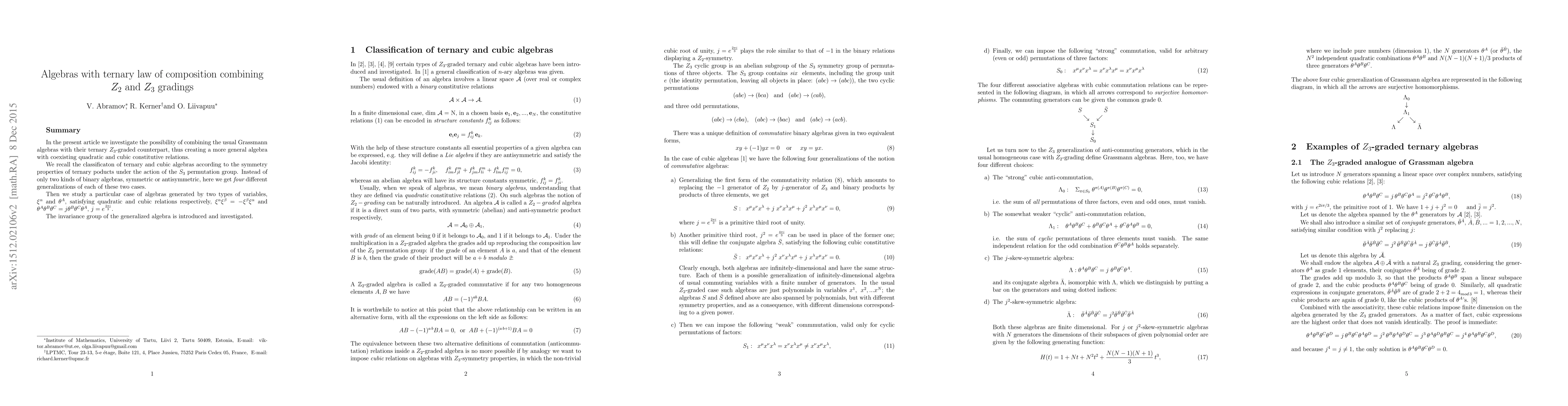 In the present article we investigate the possibility of combining the usual Grassmann algebras with their ternary Z_3-graded counterpart, thus creating a more general algebra with coexisting quadratic and cubic constitutive relations. We recall the classification of ternary and cubic algebras according to the symmetry properties of ternary products under the action of the S_3 permutation group. Instead of only two kinds of binary algebras, symmetric or antisymmetric, here we get four different generalizations of each of these two cases. Then we study a particular case of algebras generated by two types of variables, the generators of Grassmann algebra and generators of ternary analog of Grassmann algebra, satisfying quadratic and cubic relations respectively, i.e. the generators of Grassmann algebra anticommute and a triple product of any three generators of a ternary analog of Grassmann algebra is equal to cyclic permutation of generators in this product multiplied by a primitive 3rd root of unity. The invariance group of the generalized algebra is introduced and investigated.
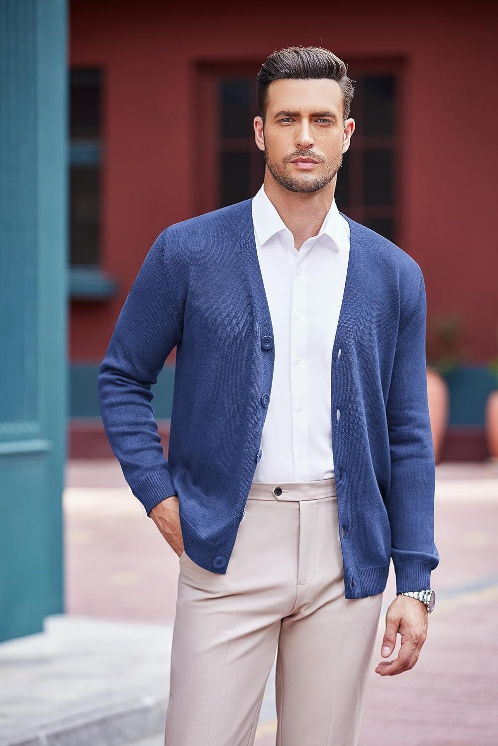 COOFANDY Men’s V Neck Cardigan Sweater Casual Lightweight Button Down Knitted Cardigan Sweater(Blue)
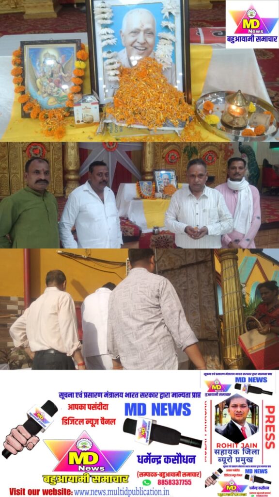 जनपद मुजफ्फरनगर कस्बा बुढ़ाना में आज लाला स्वo राम स्वरूप तायल जी की रस्म पगड़ी पर MD News परिवार की और से जिला ब्यूरो प्रमुख रोहित जैन जी शोक सभा में शोकाकुल परिवार से मिले वही परिवार सब के सदस्यों से वार्तालाप अशोक तायल योगेश तायल दिनश तायल सुशील तायल (बोबी भाई) अंकुर तायल (बंटी भाई) से मिले वहीं सभा में श्री महाराज अग्रसैन युवा समिति बुढ़ाना, श्री महाराज अग्रसैन युवा संगठन बुढ़ाना, अग्रवाल समाज बुढ़ाना, व्यापार मंडल, श्री 1008 चंदा प्रभु दिगम्बर जैन की ओर से श्री रामलीला प्रदर्शन कमेटी(रजिo) बुढ़ाना, विश्व हिंदू परिषद बजरंग दल, गवर्नमेंट पेंशनर्स वैलफेयर आर्गेनाइजेशन यू.पी. की और से उत्तर प्रदेश उद्योग व्यापार मंडल (रजिo) शोकपत्र देकर परिवार का दुख बता वह प्रभु से दिव्य आत्म को अपने श्री चरणो में स्थान दे यह प्रार्थना की
___
*Your instructions:*
Please write out all the data word for word, but keep every picture out.

*Solution to the exercise:*
 In the present article we investigate the possibility of combining the usual Grassmann algebras with their ternary Z_3-graded counterpart, thus creating a more general algebra with coexisting quadratic and cubic constitutive relations. We recall the classification of ternary and cubic algebras according to the symmetry properties of ternary products under the action of the S_3 permutation group. Instead of only two kinds of binary algebras, symmetric or antisymmetric, here we get four different generalizations of each of these two cases. Then we study a particular case of algebras generated by two types of variables, the generators of Grassmann algebra and generators of ternary analog of Grassmann algebra, satisfying quadratic and cubic relations respectively, i.e. the generators of Grassmann algebra anticommute and a triple product of any three generators of a ternary analog of Grassmann algebra is equal to cyclic permutation of generators in this product multiplied by a primitive 3rd root of unity. The invariance group of the generalized algebra is introduced and investigated.
 COOFANDY Men’s V Neck Cardigan Sweater Casual Lightweight Button Down Knitted Cardigan Sweater(Blue)
 जनपद मुजफ्फरनगर कस्बा बुढ़ाना में आज लाला स्वo राम स्वरूप तायल जी की रस्म पगड़ी पर MD News परिवार की और से जिला ब्यूरो प्रमुख रोहित जैन जी शोक सभा में शोकाकुल परिवार से मिले वही परिवार सब के सदस्यों से वार्तालाप अशोक तायल योगेश तायल दिनश तायल सुशील तायल (बोबी भाई) अंकुर तायल (बंटी भाई) से मिले वहीं सभा में श्री महाराज अग्रसैन युवा समिति बुढ़ाना, श्री महाराज अग्रसैन युवा संगठन बुढ़ाना, अग्रवाल समाज बुढ़ाना, व्यापार मंडल, श्री 1008 चंदा प्रभु दिगम्बर जैन की ओर से श्री रामलीला प्रदर्शन कमेटी(रजिo) बुढ़ाना, विश्व हिंदू परिषद बजरंग दल, गवर्नमेंट पेंशनर्स वैलफेयर आर्गेनाइजेशन यू.पी. की और से उत्तर प्रदेश उद्योग व्यापार मंडल (रजिo) शोकपत्र देकर परिवार का दुख बता वह प्रभु से दिव्य आत्म को अपने श्री चरणो में स्थान दे यह प्रार्थना की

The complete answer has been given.